Prompt ->
There is a line containing "非毕业班学生代表、18级化工" in the records below. Repeat it and every line after it, exactly, through the final line, but no pictures.

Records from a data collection
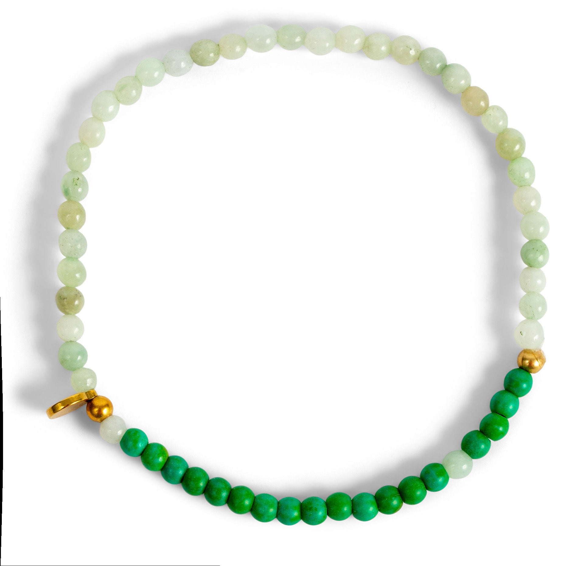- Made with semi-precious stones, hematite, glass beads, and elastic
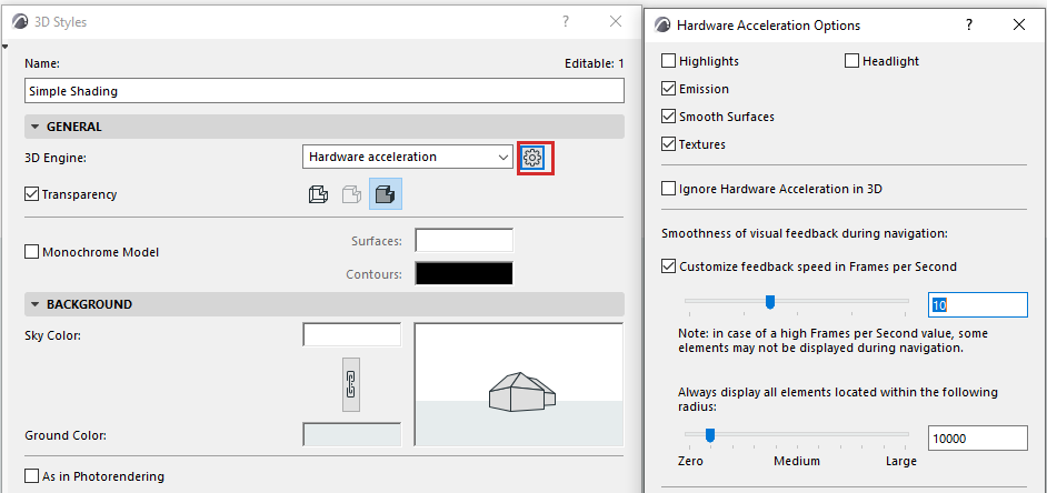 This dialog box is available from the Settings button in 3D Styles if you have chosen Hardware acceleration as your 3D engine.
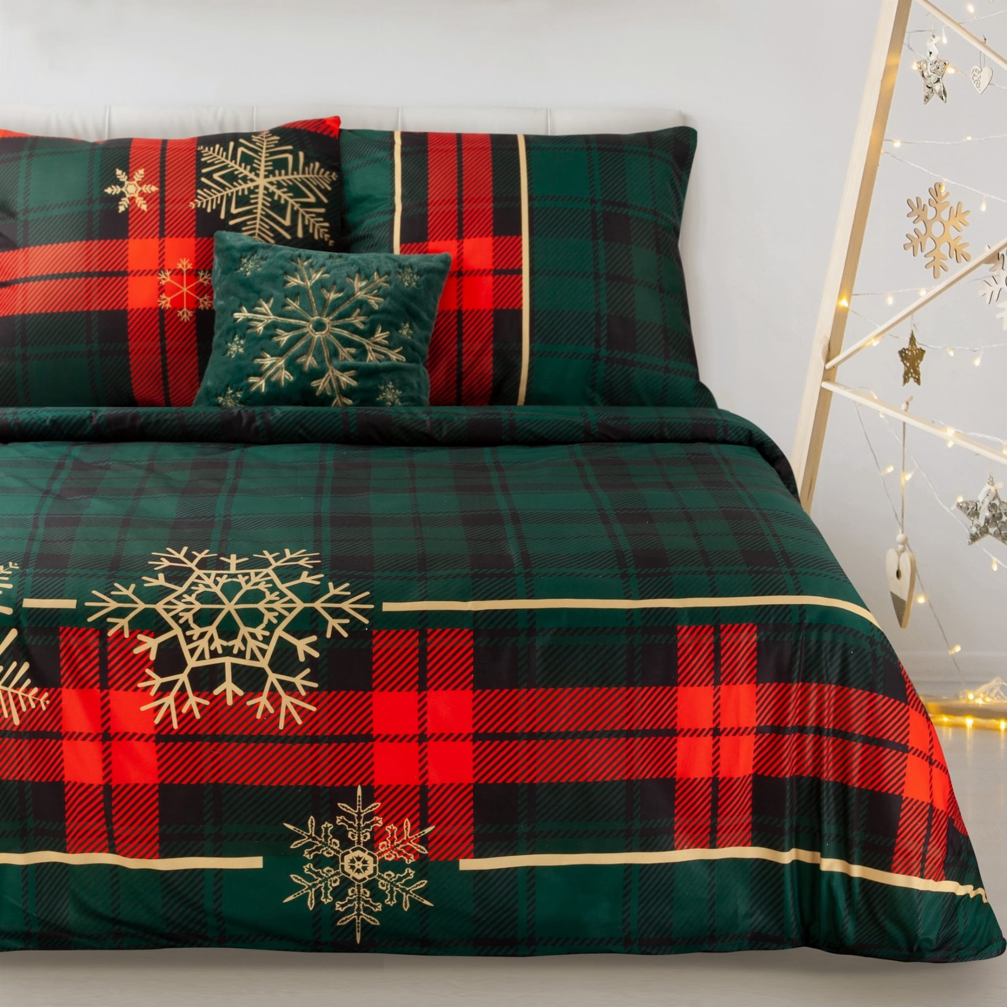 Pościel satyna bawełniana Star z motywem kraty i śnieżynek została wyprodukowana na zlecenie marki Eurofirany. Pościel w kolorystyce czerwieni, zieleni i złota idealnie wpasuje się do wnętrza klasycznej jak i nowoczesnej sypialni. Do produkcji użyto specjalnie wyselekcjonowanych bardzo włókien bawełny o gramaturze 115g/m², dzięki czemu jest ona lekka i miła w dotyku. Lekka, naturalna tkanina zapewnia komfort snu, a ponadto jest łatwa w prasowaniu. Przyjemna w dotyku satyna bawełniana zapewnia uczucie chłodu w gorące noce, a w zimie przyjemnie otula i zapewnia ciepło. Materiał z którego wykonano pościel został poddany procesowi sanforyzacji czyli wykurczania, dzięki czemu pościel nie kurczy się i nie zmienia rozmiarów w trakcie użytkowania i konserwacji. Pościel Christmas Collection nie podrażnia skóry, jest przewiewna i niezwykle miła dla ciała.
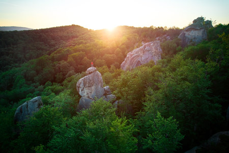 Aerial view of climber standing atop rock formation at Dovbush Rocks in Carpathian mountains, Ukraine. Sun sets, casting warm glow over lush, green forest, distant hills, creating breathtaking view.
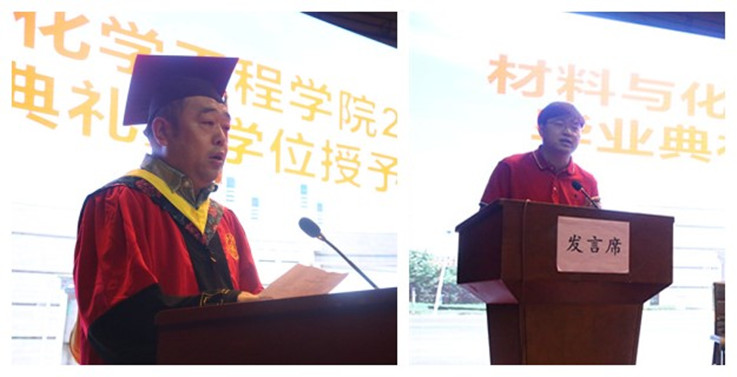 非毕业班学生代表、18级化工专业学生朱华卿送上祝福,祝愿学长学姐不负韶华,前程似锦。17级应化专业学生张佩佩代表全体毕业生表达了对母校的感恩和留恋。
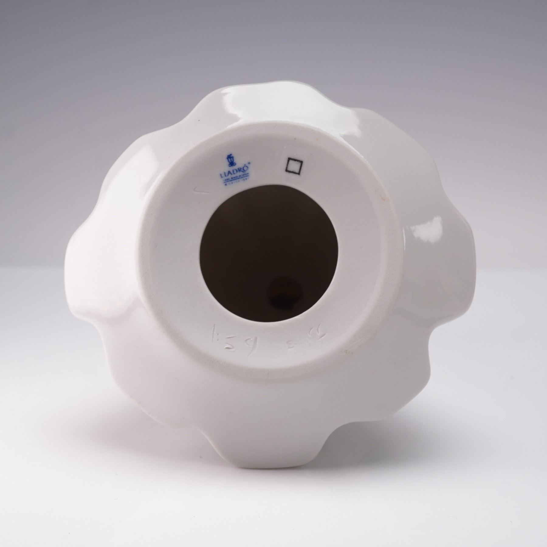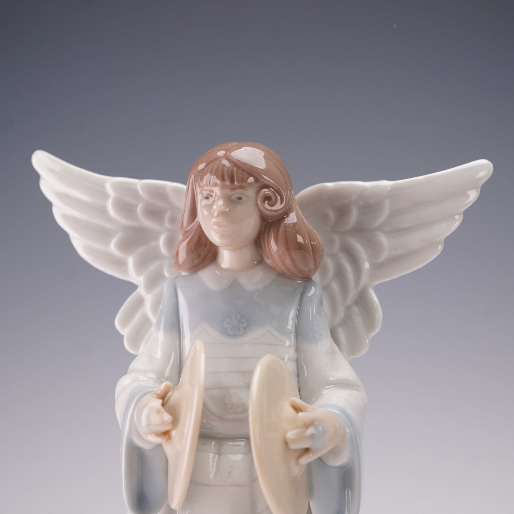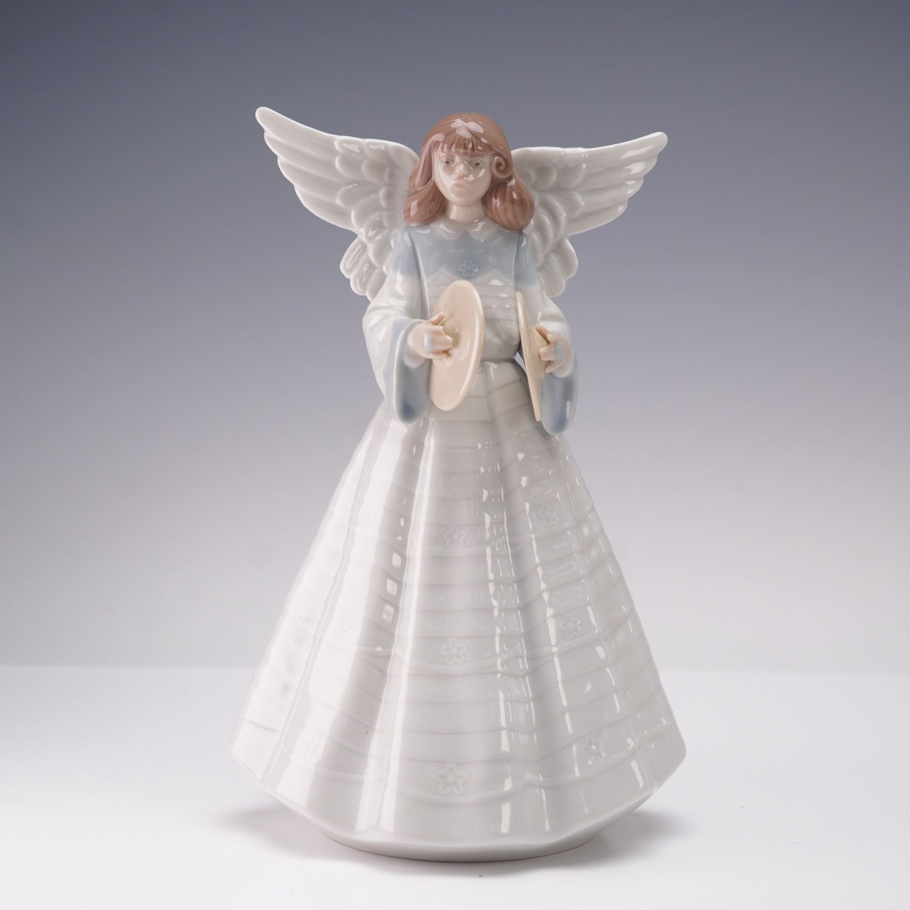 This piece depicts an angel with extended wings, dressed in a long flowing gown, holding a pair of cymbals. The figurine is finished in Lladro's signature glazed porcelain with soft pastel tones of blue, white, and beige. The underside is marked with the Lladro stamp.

Response ->
 非毕业班学生代表、18级化工专业学生朱华卿送上祝福,祝愿学长学姐不负韶华,前程似锦。17级应化专业学生张佩佩代表全体毕业生表达了对母校的感恩和留恋。
 This piece depicts an angel with extended wings, dressed in a long flowing gown, holding a pair of cymbals. The figurine is finished in Lladro's signature glazed porcelain with soft pastel tones of blue, white, and beige. The underside is marked with the Lladro stamp.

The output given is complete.